The prosecutor should also provide your attorney with a document called a "declaration for determination of probable cause" or "certification for probable cause". This document goes by different names depending on the venue, but is always a sworn statement by either a prosecutor or a law enforcement officer, offered to aid a judge in determining "probable cause". It normally offers a short synopsis of what you are alleged to have done, usually limited to a page or two. The judge will initially assume the truth of the document, and if they find probable cause exists that the crime occurred, they may set "conditions of release". In almost every case, the judge will initially find probable cause.

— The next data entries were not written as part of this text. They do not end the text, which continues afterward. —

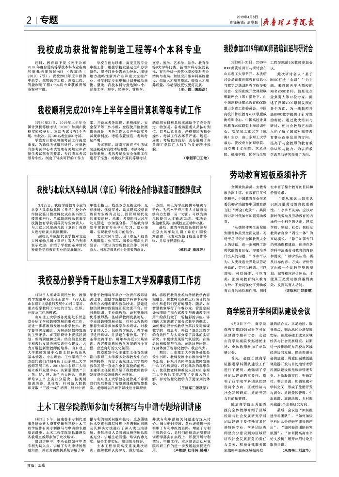 齐鲁理工学院校报(20190408)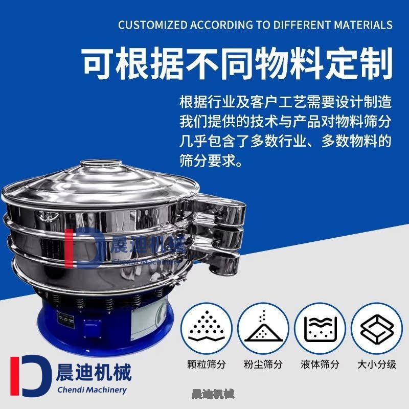 旋振筛根据材质常用的有接触物料不锈钢旋振筛、碳钢旋振筛和塑料材质旋振筛,用户可根据需求选用,并且根据产量和精细化筛分分级要求有单层和多层可选,物料和筛分要求不同配备的筛网也不同,可按照客户需求定制,是一种适用于高粘度、细粒物料筛分的工业设备,广泛应用于化工、食品、医药、冶金等行业的干湿物料分级与过滤,可按照客户需求定制,详情可致电15937360507。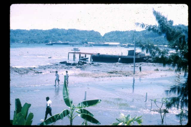 Rabaul harbour - water receding fast to below normal levels - note items on harbour floor not normally seen and normal tide mark on wharf

Conditions of release are your obligations to the court, while you are charged with a crime. Even though you have not been convicted, a judge may set conditions upon you, while you are awaiting your trial. Generally the judge may set conditions (including bail) on you if they believe that you will 1) commit a violent crime, and/or 2) will seek to intimidate witnesses, or otherwise unlawfully interfere with the administration of justice. While this may seem like a high bar, courts regularly find that even minor crimes rise to the level that they can order such conditions.
Normal conditions of release that courts impose vary based on the crime charged. They may include general prohibitions like refraining from new law abiding behavior violations, or more specific ones like: consuming no alcohol; having no contact with a certain person or class of persons; or not driving or leaving the state or county.
Bail is another condition of release. If a judge orders bail, and a person is not able to post it, then they must remain in jail while their case progresses. Bail can be posted in a few ways, but normally is either posted in cash to the court, or is posted through a bail bonds company. Ask us for a recommendation regarding a reputable bail bonds company.
One company that we recommend is All City Bail Bonds, a third party bail bond agency open 24/7, with locations next to all major jails in Washington State.
At the conclusion of the arraignment, the judge will set the next court hearing, which could occur in a few weeks or a few months, depending on various scheduling factors.
Our criminal defense experience is your advantage
Call us today at (253) 867-2675 to arrange for a discreet consultation with our lead criminal defense attorney in our Kent office. See Keith Hall's latest blog post on bail here. Or see our other resource sections.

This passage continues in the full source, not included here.